Machine intelligence takes bias out of hiring

Hiring processes have long been based on typical CV information, such as academic and professional achievements, followed by telephone and face-to-face interviewing. Now organisations are realising this has led to biased selection methodologies and resulted in the lack of diversity seen in workforces across multiple industries.

By looking for a narrow list of traits in a candidate, such as going to certain universities or past employment at particular firms, companies are restricting their ability to recruit from under-represented groups. Many hiring managers also unconsciously cede to the familiarity of hiring in their own image. When organisations are already made up predominantly of white men, it’s no surprise what they’re going to get.

“Selecting people like yourself leads to the same type of people across the organisation,” says David Barrett, chief commercial officer at Aon’s Assessment Solutions, which undertakes 30 million talent assessments each year in 90 countries and 40 languages. “That’s particularly true of professional organisations like banks or accounting firms. You often just see young or middle-aged white men running around in blue or grey suits.

“Some have tried to adopt quotas but, while good-intentioned, that too can become prejudicial because you stop looking at who is best for the job. Promotions also often have the effect of an old boys’ network. It’s beginning to change, but it’s still true that in many cases women face more prejudices and need to work much harder to succeed.”

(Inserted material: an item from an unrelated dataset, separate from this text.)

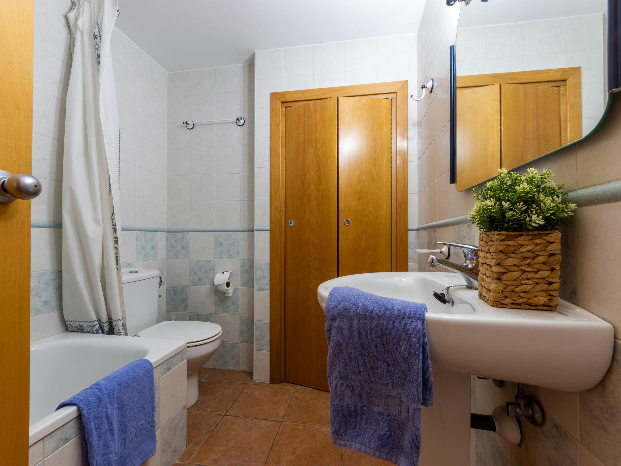 "Color", 4-room apartment 90 m2. Practical and comfortable furnishings: living/dining room with digital TV, air conditioning and forced-air heating. Exit to the terrace. Kitchen (oven, dishwasher, 3 ceramic glass hob hotplates, toaster, kettle, microwave, electric coffee machine). Bath/WC, sep. WC. Boiler (80 litres). No heating option. Upper floor: 1 room with 1 x 2 bunk beds (90 cm, length 190 cm). 1 room with 2 beds (90 cm, length 190 cm). 1 room with 1 french bed (150 cm, length 190 cm). Mezzanine with air conditioning. Bath/bidet/WC. Terrace. Terrace furniture. Facilities: washing machine, iron, hair dryer. Parking. Suitable for families. HUTT-006611 // Reg. Nr.: ESFCTU00004303100031230000000000000000HUTT-006611-478

Sophisticated assessment solutions, powered by artificial intelligence (AI) algorithms, are now driving the changes needed to transform talent selection and enable more diverse recruiting. By using machine intelligence to compare people profiles and behaviour competencies with job specifications and organisational demands, businesses can consider a much bigger pool of talent and make more objective decisions.

Aon works, for example, with a British engineering giant to help it build a more diverse workforce. By implementing Aon’s reduced biased methods and solutions, they have increased its female hires by 19 per cent, while participation in its talent assessments by underrepresented groups has surged by more than 200 per cent.

“A huge advantage in using standardised, systematic assessments with AI and predictive analytics is they are constantly loaded with more of the right people delivering better in-job results,” says Suzanne Courtney, managing director at Aon’s Assessment Solutions, UK. “We have now also achieved excellent outcomes in being able to use AI auto-scored video interviews to reliably replicate expert interviewers who are trained to be accurate and unbiased.”

Evidence-based research of this type, combined with mobile and AI technologies, is likely to herald the end of high-volume face-to-face screening interviews.

Far from hiring in the image of their existing managers, the savviest employers now seek to hire in the image of their customers. Indeed, 88 per cent of job seekers are more likely to buy from a company that gave them a positive candidate experience when applying for a role, according to a study by the Talent Board.

By combining marketing principles with talent acquisition, organisations can achieve a better diversity yield. Aon has taken a mobile-first approach, designing its assessments shorter and in the form of social messaging apps. While the completion rates of desktop platforms are typically 60 to 70 per cent, Aon’s are around 95 per cent and, the biggest increase in participation being among under-represented groups.

“When many companies look at what they were doing to assess talent five years ago, I think they will blush,” says Mr Barrett. “They wanted to help in the context of diversity and under-represented groups, but their way of doing it was ill thought through and didn’t address the business issue around why diversity is great. Our solutions, driven by AI algorithms and predictive analytics, give companies the objectivity to change the demographic of their workforce and the tools to recruit better talent at a lower cost.”